Para la mayoría de los observadores occidentales, el nuevo Presidente ruso no deja de ser un mero símbolo del continuismo de la política llevada a cabo por Vladimir Putin, amigo y valedor de Medvédev. Incluso hay quien opina que el relevo del antiguo agente de la KGB reconvertido a estadista es un simple espejismo, que los destinos de Rusia seguirán dependiendo de la estrategia establecida por el minúsculo grupo de ex agentes de los servicios de inteligencia que se habían adueñado del poder durante la era del titubeante Borís Yeltsin. Nada menos cierto, puesto que ya en los últimos años de la desaparecida URSS los exponentes de este poder oculto controlaban la vida pública del gigante con pies de barro. Algunos Secretarios Generales del Partido Comunista de la Unión Soviética (PCUS) procedían del aparato represivo o se apoyaban en sus estructuras para perpetuarse en el poder. En este contexto, conviene señalar que Vladimir Putin no representa la excepción que confirma la regla. Por el contrario, es el digno representante de una nueva clase política que emerge del caos producido por el derrumbamiento del imperio soviético. Una clase integrada por los supervivientes de los servicios secretos, que se colocaron en los múltiples “agujeros negros” de la política y la economía, invadiendo el terreno de los antiguos “aparatchik” del régimen comunista.

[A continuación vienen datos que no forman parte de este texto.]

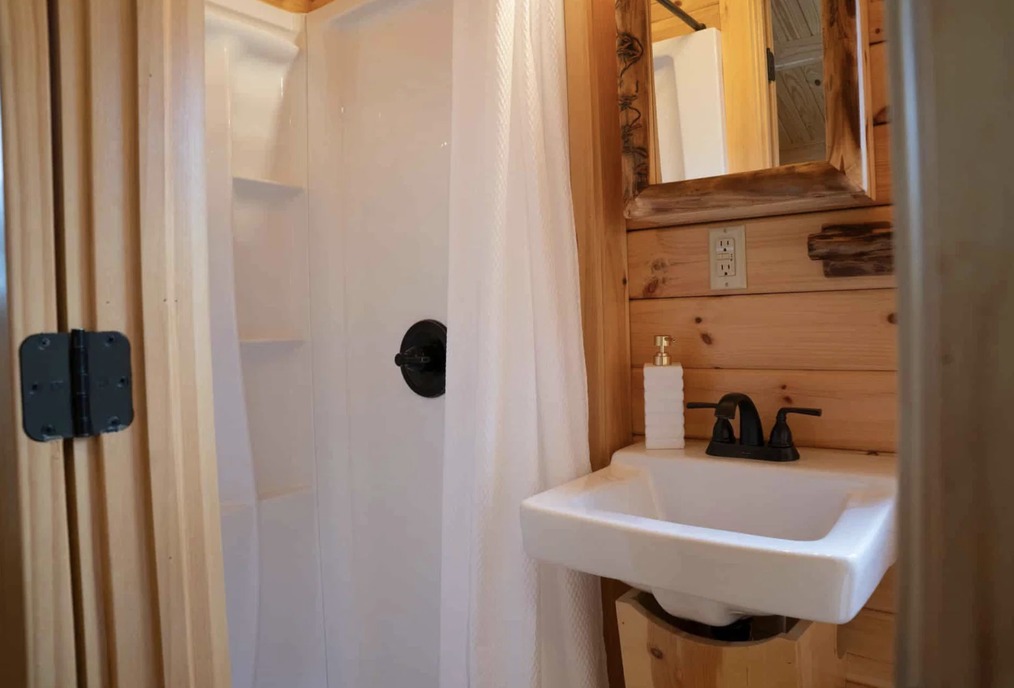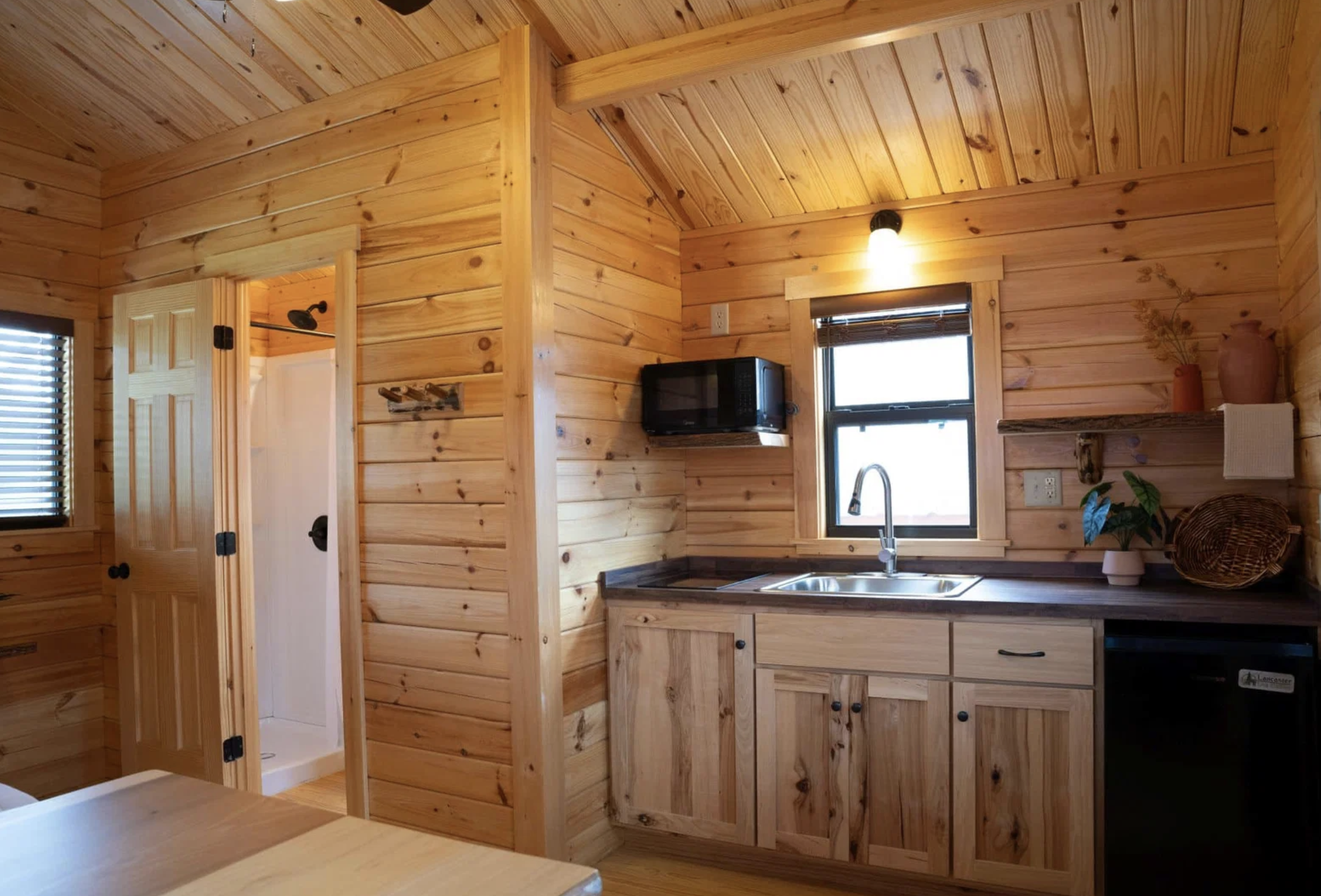| Key Features | Bath & kitchenette included, galvanized steel roof, window blinds, 32” TV, rustic hardware |
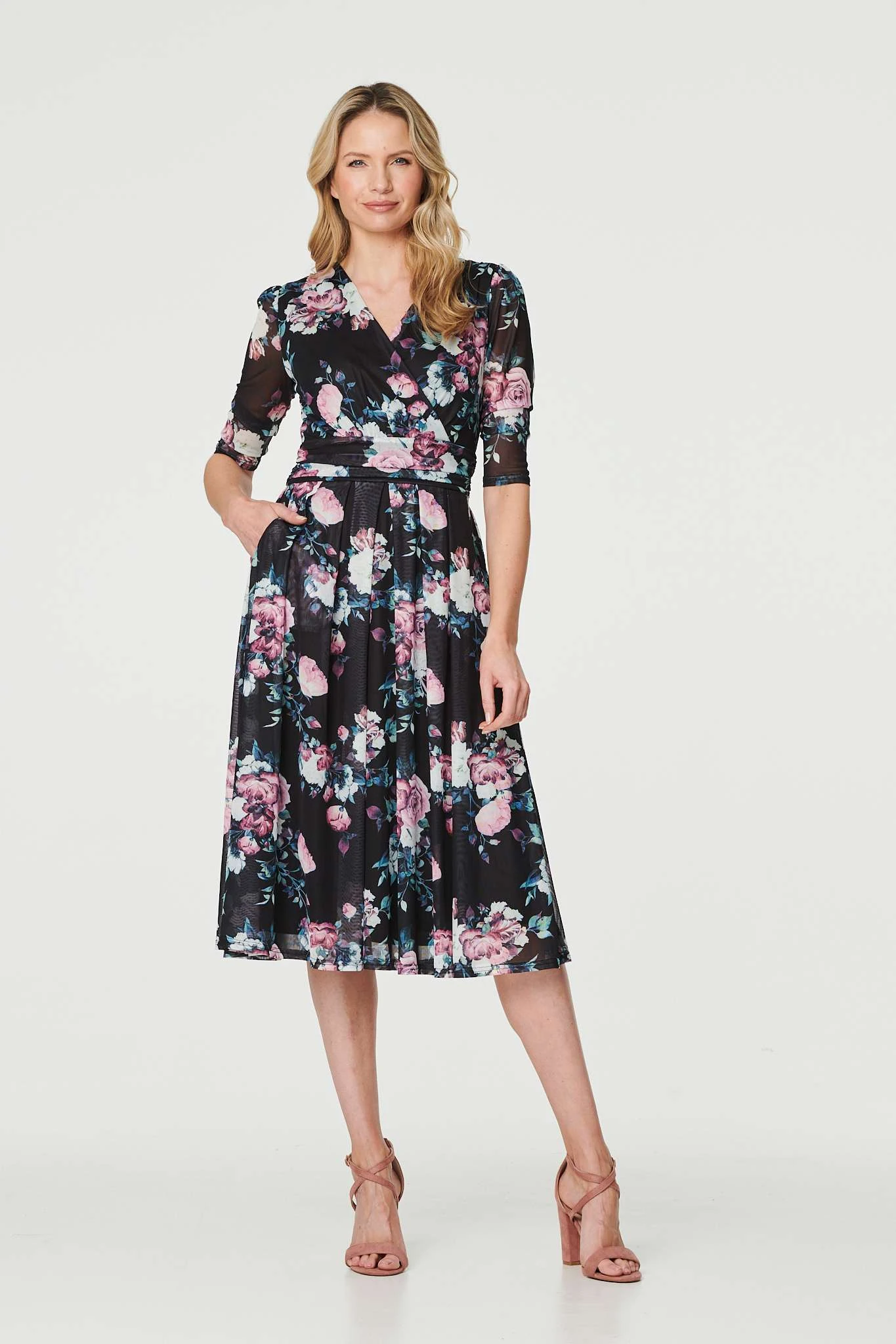 Heading out to a formal event? Look sophisticated and feel confident in this beautiful wrap dress with semi sheer 1/2 sleeves, pockets, a pleated midi skirt and a flattering wrap waist panel.

Sin embargo, Dimitri Medvédev no pertenece a este núcleo de poder. Curiosamente, este economista que llegó a dirigir la “Gazprom”, la empresa energética más grande del país, tiene antecedentes de otra índole. Medvédev no colaboró con los servicios secretos. Más aún, se enorgullece de no haber hecho siquiera el servicio militar, de no haber engrosado las filas de un ejército que, tras la humillante derrota sufrida en Afganistán, se limitó a reprimir los focos de inestabilidad interna, provocados por nacionalismos de todo signo: Nagorny Karabaj, Abjasia, Chechenia…
Medvédev es, o la menos pretende ser, el recién llegado que promete modificar los parámetros actuales de la sociedad rusa. Sus primeras promesas –mayor respeto de los derechos humanos, modernización de la estructura industrial del país, aumento del nivel de vida de la población, ampliación de la hasta ahora exigua clase media, cambios en la política exterior- llamaron la atención de los “kremlinólogos”, empeñados en averiguar si detrás de las buenas palabras del Presidente no se ocultan las habituales trampas.
En efecto, el sistema de gobierno ideado por los nuevos dueños del país deja muy poco margen de maniobra a los extraños. Cabe suponer que Putin, que asume el cargo de Primer Ministro, tratará de controlar los ministerios clave, limitando las prerrogativas del nuevo Presidente.
Por otra parte, el establishment moscovita es consciente de la necesidad de lanzar una “operación sonrisa” destinada a tranquilizar a los políticos occidentales, preocupados por los cada vez más frecuentes “arrebatos hegemónicos” de Vladimir Putin.
De hecho, Rusia no deja de ser una gran incógnita. Esta gran potencia parece poco propensa a renunciar a su papel a escala planetaria. Quienes se frotaron las manos tras la desaparición del mundo bipolar, empiezan a comprender que habrá que contar con el Kremlin a la hora de diseñar nuevas estrategias mundiales. Dimitri Medvédev se halla, pues, ante un doble desafío: por un lado, tratar de modernizar Rusia y, por el otro, imponerse en el hasta ahora no siempre armónico concierto de las grandes potencias.